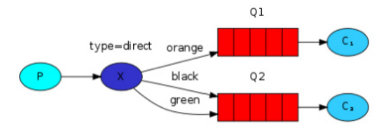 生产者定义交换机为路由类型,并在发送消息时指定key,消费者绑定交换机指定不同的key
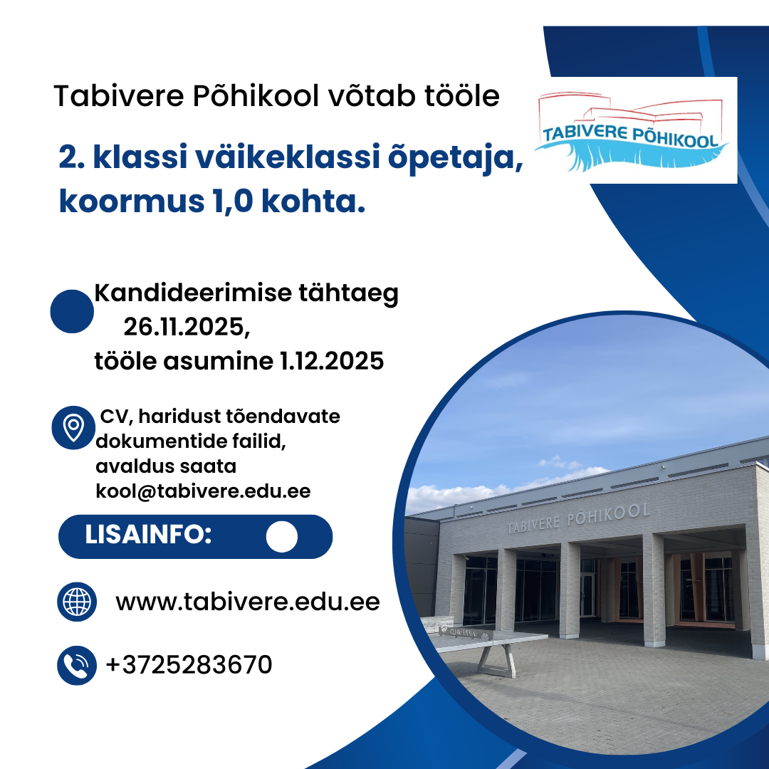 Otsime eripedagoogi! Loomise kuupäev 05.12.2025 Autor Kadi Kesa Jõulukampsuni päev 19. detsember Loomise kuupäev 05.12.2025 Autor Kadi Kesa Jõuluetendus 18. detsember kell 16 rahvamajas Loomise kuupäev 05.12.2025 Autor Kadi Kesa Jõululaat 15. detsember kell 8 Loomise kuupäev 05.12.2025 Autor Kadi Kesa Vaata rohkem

+===+

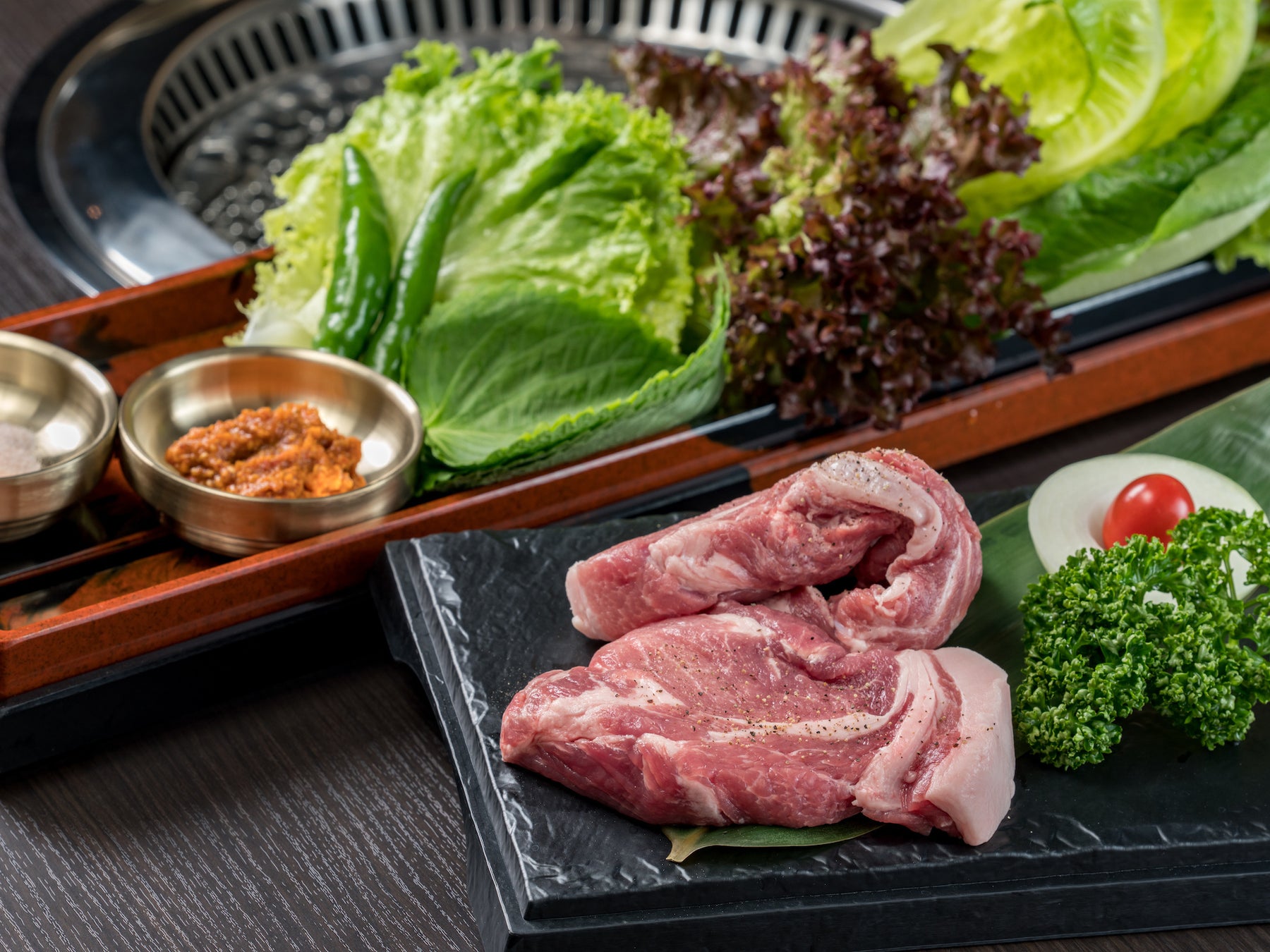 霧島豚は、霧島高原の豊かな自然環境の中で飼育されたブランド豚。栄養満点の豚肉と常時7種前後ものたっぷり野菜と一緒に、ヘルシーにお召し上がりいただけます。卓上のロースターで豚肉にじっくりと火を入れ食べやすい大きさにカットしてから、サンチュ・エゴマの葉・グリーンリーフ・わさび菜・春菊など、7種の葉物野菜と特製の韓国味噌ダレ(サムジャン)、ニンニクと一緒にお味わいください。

+===+

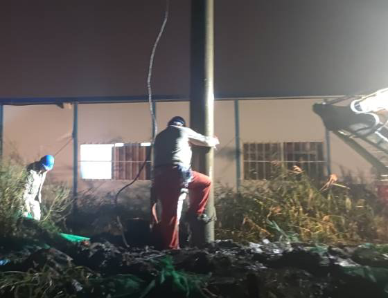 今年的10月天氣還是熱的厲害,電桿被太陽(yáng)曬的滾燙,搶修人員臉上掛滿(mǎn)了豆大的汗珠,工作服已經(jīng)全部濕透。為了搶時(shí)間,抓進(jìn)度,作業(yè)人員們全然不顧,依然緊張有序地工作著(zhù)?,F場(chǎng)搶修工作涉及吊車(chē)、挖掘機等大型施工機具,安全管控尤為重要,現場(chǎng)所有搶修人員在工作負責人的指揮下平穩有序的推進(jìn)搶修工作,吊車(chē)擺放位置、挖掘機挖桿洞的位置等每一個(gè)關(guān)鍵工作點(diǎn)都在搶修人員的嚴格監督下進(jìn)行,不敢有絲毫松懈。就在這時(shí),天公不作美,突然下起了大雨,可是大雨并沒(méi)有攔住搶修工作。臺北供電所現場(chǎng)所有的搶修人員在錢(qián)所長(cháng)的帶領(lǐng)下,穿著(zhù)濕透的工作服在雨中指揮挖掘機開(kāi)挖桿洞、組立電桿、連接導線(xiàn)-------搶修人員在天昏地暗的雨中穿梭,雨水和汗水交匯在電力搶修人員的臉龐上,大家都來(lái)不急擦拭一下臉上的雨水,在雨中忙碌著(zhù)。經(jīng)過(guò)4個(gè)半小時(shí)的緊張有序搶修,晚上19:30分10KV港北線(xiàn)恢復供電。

+===+

» Directions for this task
From the records above, copy only the lines running from the line holding "生产者定义交换机为路由类型,并在发送消息" through the line holding "Otsime eripedagoogi! Loomise", with no pictures.

» Response to the exercise
 生产者定义交换机为路由类型,并在发送消息时指定key,消费者绑定交换机指定不同的key
 Otsime eripedagoogi! Loomise kuupäev 05.12.2025 Autor Kadi Kesa Jõulukampsuni päev 19. detsember Loomise kuupäev 05.12.2025 Autor Kadi Kesa Jõuluetendus 18. detsember kell 16 rahvamajas Loomise kuupäev 05.12.2025 Autor Kadi Kesa Jõululaat 15. detsember kell 8 Loomise kuupäev 05.12.2025 Autor Kadi Kesa Vaata rohkem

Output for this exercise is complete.